Дождь и солнце. Странники поневоле. Книга 4 - страница 3



Боже мой, что это был за день! Все надо было сообразить и удержать в голове: что куда уложить, кого как одеть, приготовить провизию, запаковать, наклеить этикетки и не забыть еще что-то приготовить на обед детям, у которых уже выработался за это время необыкновенно нудный и волнующий припев: «Я голо-о-одный!!» Накануне я выменяла у одного русского пленного работника на ферме Володин смокинг на кусок соленой баранины. Он его очень таинственно принес завернутый в тряпку. Я думаю, что баранина была краденая, но она была мне очень нужна, и я в подробности не вдавалась.

К шести часам вечера приехал хозяин Анны с телегой везти вещи на вокзал. Дети радовались и веселились больше всех, помогали грузить и умолили, чтобы их взяли тоже. Алинка и Володя с детьми отправились, и в комнатах наступила тишина. Я прилегла на кровать и закурила припасенный еще с утра окурок из окурка. Но тут вдруг случилось нечто, совершенно изменившее наши планы и имевшее влияние на нашу дальнейшую судьбу. На улице послышались торопливые, бегущие шаги, грохот на лестнице и звонкий, взволнованный голос Володьки прокричал: «Владимир Петрович приехал!!»

На лошадях


Владимир Петрович Поповский был бессарабским помещиком.
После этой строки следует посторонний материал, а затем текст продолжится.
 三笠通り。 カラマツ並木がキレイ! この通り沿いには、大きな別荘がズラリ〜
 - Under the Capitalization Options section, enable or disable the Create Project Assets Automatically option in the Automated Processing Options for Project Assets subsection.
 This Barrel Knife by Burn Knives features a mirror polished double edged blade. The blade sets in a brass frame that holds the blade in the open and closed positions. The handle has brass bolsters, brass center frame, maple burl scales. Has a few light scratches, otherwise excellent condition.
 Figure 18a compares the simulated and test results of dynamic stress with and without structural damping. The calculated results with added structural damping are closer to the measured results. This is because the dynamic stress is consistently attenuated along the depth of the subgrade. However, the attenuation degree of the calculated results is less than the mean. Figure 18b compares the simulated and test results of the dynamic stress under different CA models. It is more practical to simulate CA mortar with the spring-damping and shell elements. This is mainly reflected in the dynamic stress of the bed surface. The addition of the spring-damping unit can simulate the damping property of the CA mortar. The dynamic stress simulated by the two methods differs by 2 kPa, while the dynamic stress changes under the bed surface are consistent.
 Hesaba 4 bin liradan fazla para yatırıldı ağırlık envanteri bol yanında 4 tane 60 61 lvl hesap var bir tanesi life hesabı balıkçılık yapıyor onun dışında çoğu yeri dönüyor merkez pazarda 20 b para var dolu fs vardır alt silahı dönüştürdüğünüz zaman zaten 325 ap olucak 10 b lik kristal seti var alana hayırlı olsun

С ним у нас была старая дружба, он временами гостил у моих родителей, когда они жили в Земуне, и потом постоянно с ними переписывался. Это был человек невысокого роста, сухой, с острыми чертами лица, с большими навыкате карими глазами, лет ему было около пятидесяти, а может быть и больше. В жизни у него были какие-то драмы, о которых он никогда не говорил, но которые, очевидно, оставили в нем след, так как он был необыкновенно нервным; в минуты волнения, прохаживаясь по комнате, говорил вслух какие-то отрывочные фразы, был упрям и раздражителен, но очень ласков с детьми. Был он человек очень верующий и по существу добрый и услужливый. Любил доставить удовольствие, подарить, помочь. Часто помогал совсем чужим и неприятным ему людям, ругал их, грубил, посылал к черту, но все же помогал.
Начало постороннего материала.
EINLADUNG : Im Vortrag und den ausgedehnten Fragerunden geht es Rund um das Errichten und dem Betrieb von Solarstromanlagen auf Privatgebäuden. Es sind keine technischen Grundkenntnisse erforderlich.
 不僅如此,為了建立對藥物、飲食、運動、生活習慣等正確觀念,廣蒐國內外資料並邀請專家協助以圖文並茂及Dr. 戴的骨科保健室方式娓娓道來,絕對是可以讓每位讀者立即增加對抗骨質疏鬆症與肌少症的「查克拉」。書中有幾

Когда советские войска подходили к его имению, он запряг четверку прекрасных лошадей в две тележки, привязанные одна к другой, нагрузил их мукой, салом, овсом, табаком, одним словом всем, что тогда было валютой и двинулся прочь, куда глаза глядят. Немцев он ненавидел люто, но несмотря на это, ехать было некуда, он появился в Вене у моих родителей. Когда его спрашивали, зачем он приехал в Германию, если так ненавидит немцев, он мрачно отвечал: «Нервы не выдержали».
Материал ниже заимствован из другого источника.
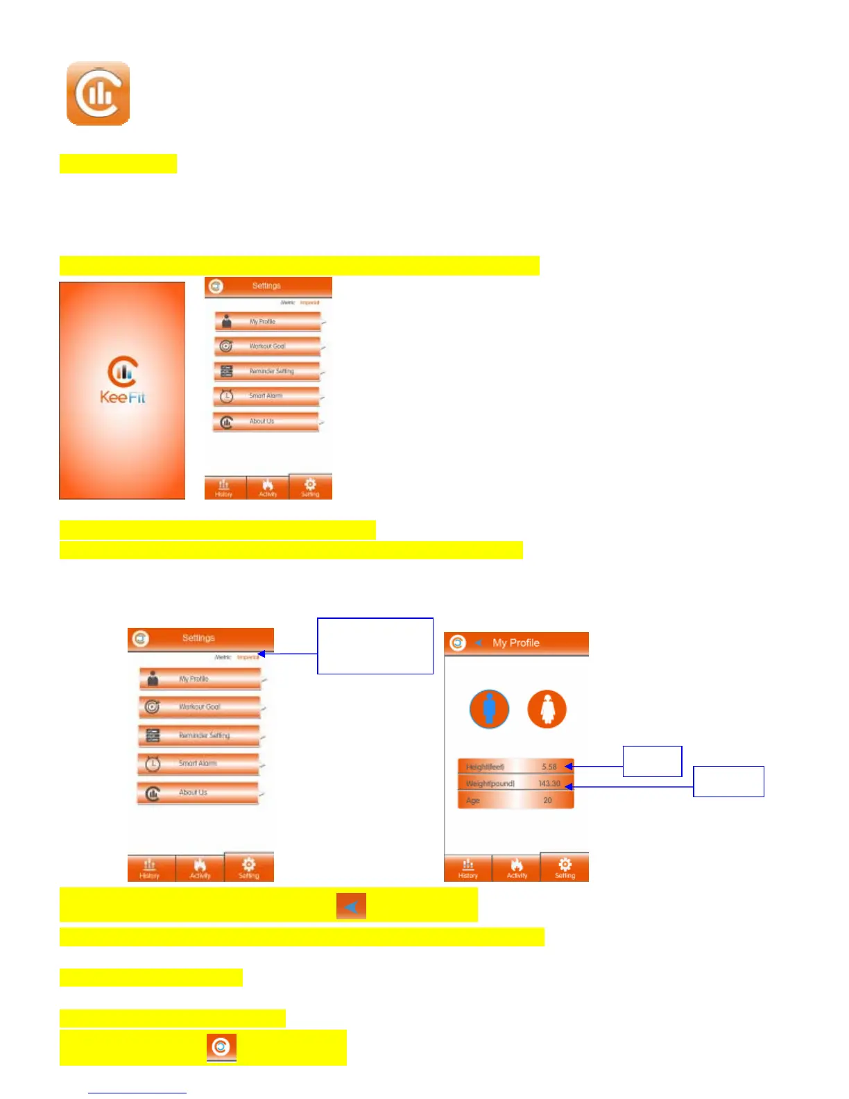 Remark: Select Metric or Imperial to change the “CM to Feet” and “Kg to ibs”.

Лошадей его устроили работать на ферме под Веной, а сам он жил у наших. Когда они уехали к нам, Владимир Петрович сам еще не решил, что будет делать; собирался выезжать, чтобы пробираться в Швейцарию, колебался, и наконец, после тысячи приключений и странствованию по Австрии со своими лошадьми, из которых осталось только три, появился накануне нашего отъезда в Уттендорфе.

Потом он говорил Володе, с которым у него были очень хорошие, дружеские отношения: «В такое страшное время, когда жизнь на волоске, хотелось быть со своими людьми».

На крик Володьки распахнулась дверь родительской комнаты, и послышался радостный голос отца: «Да ну? Где же он?». А за окном на улице раздался стук колес, затем: «Тпррр! да стой же черт! Э-э, Васька!», нетерпеливое ржанье, скрип и шум. Я бросилась к окну. Владимир Петрович в длинном до полу рыжем армяке, который он торжественно называл буркой, в барашковой черной шапке, разнуздывал лошадей. Первая большая телега была наполнена аккуратно утасованными мешками всех размеров, а задняя небольшая, охотничья таратайка, нагружена сеном.